== Entries shown ==
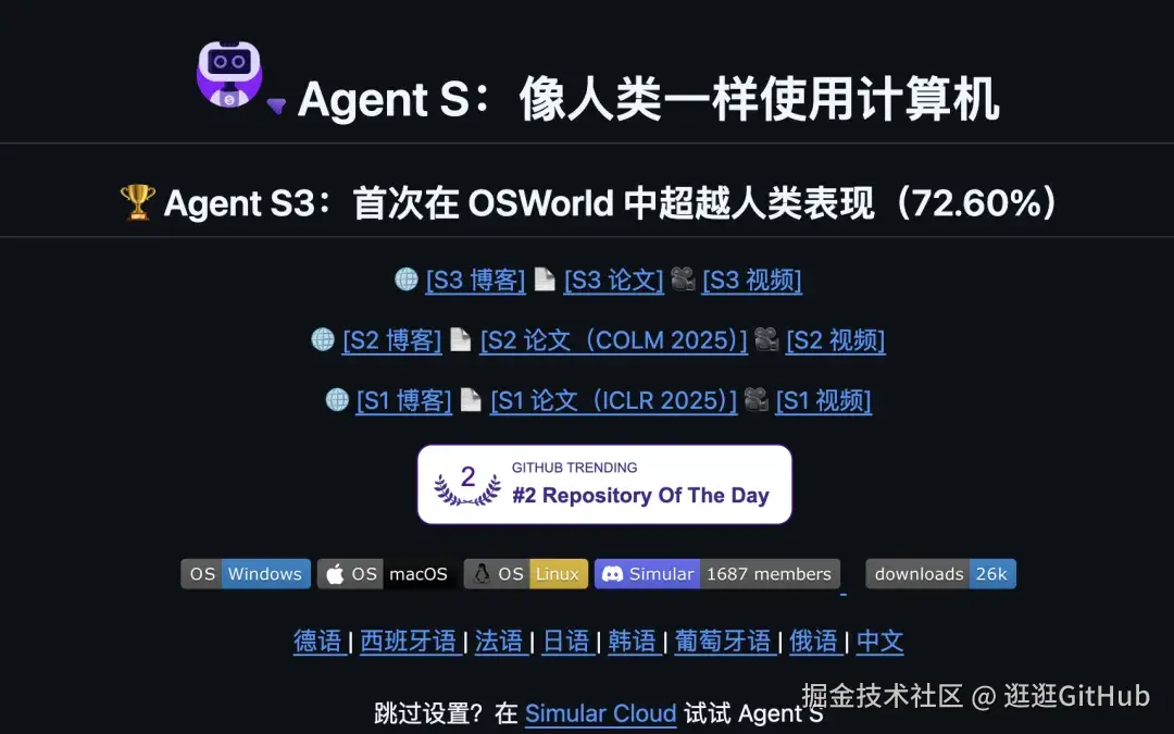 这个 Agent S 是目前比较前沿的开源 GUI 智能体框架。S3 是首个在 OSWorld 上超越人类水平的模型,取得了得分 72.60%。
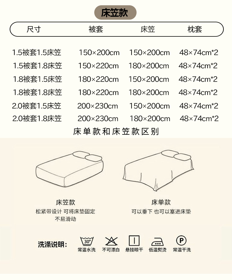 【床笠款】1.8四件套-被套150x200 | ¥52.00 |
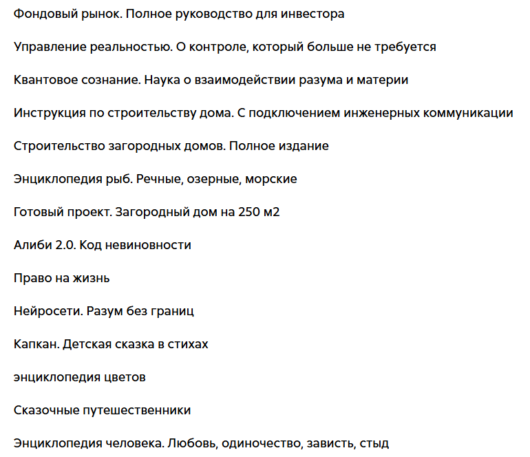 На тех же маркетплейсах у нас есть возможность ознакомиться с другими произведениями Зайнуллина, число которых уже больше нескольких десятков. Автор выпустил «пособия» по фондовому рынку и строительству домов, энциклопедии о рыбах и цветах, трактаты о науке и психологии. Такой невероятно широкий охват тем заставляет сомневаться, что Ильвир является экспертом хотя бы в одной из них.
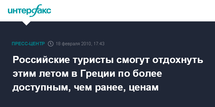Москва. 18 февраля. ИНТЕРФАКС-ТУРИЗМ – Этим летом у россиян появятся новые возможности для отдыха в Греции. Кроме того, с учетом падения курса евро, он может стать и гораздо более доступным, чем год назад, сообщили представители Национального офиса по туризму этой страны, Генерального консульства Греции в Москве, а также туристической компании "Музенидис Трэвел" на пресс-конференции в "Интерфаксе" 18 февраля.
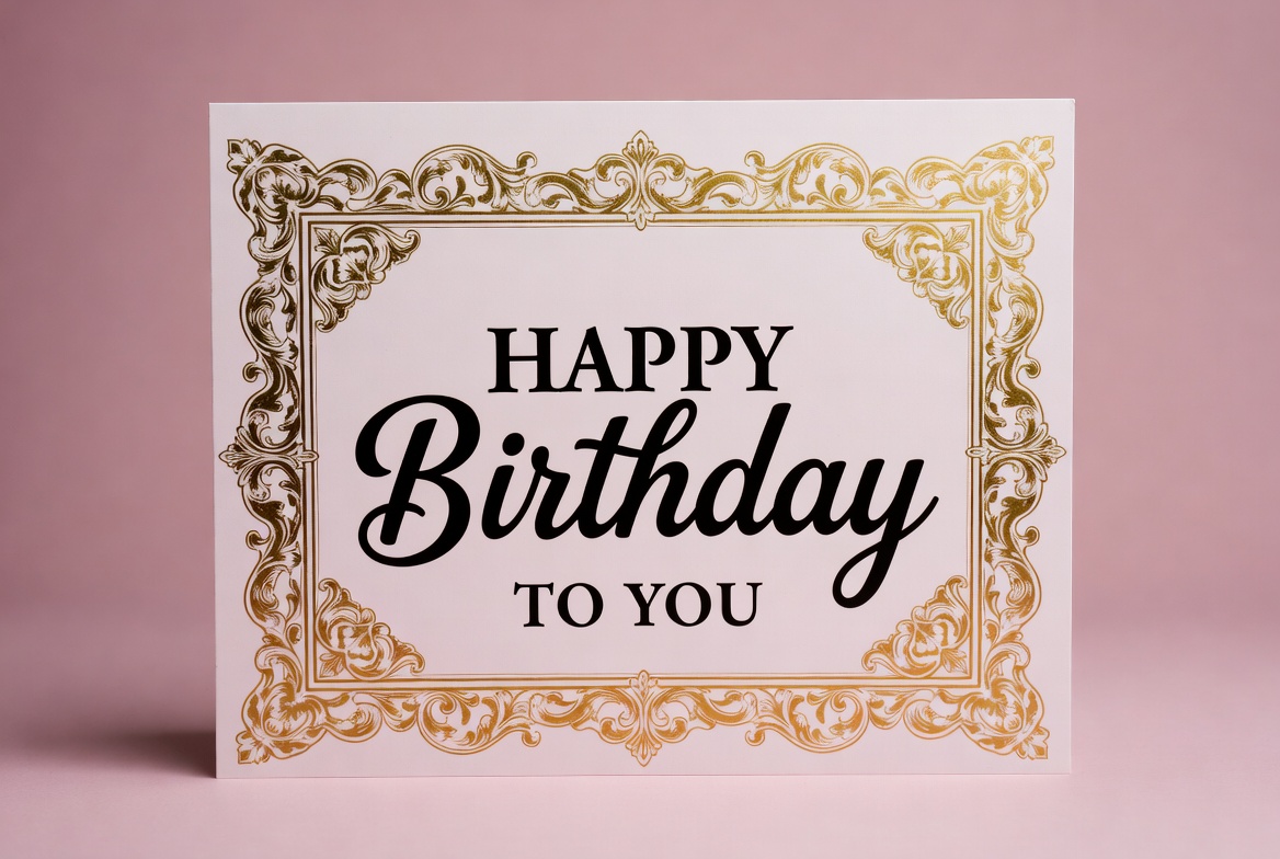 A greeting card features bold black text reading 'Happy Birthday To You' centered on a white background. It is framed by an ornate gold filigree border. The card sits on a soft pink surface.

== Brief ==
Set down every record exactly, without the pictures.

== Task answer ==
 这个 Agent S 是目前比较前沿的开源 GUI 智能体框架。S3 是首个在 OSWorld 上超越人类水平的模型,取得了得分 72.60%。
 【床笠款】1.8四件套-被套150x200 | ¥52.00 |
 На тех же маркетплейсах у нас есть возможность ознакомиться с другими произведениями Зайнуллина, число которых уже больше нескольких десятков. Автор выпустил «пособия» по фондовому рынку и строительству домов, энциклопедии о рыбах и цветах, трактаты о науке и психологии. Такой невероятно широкий охват тем заставляет сомневаться, что Ильвир является экспертом хотя бы в одной из них.
Москва. 18 февраля. ИНТЕРФАКС-ТУРИЗМ – Этим летом у россиян появятся новые возможности для отдыха в Греции. Кроме того, с учетом падения курса евро, он может стать и гораздо более доступным, чем год назад, сообщили представители Национального офиса по туризму этой страны, Генерального консульства Греции в Москве, а также туристической компании "Музенидис Трэвел" на пресс-конференции в "Интерфаксе" 18 февраля.
 A greeting card features bold black text reading 'Happy Birthday To You' centered on a white background. It is framed by an ornate gold filigree border. The card sits on a soft pink surface.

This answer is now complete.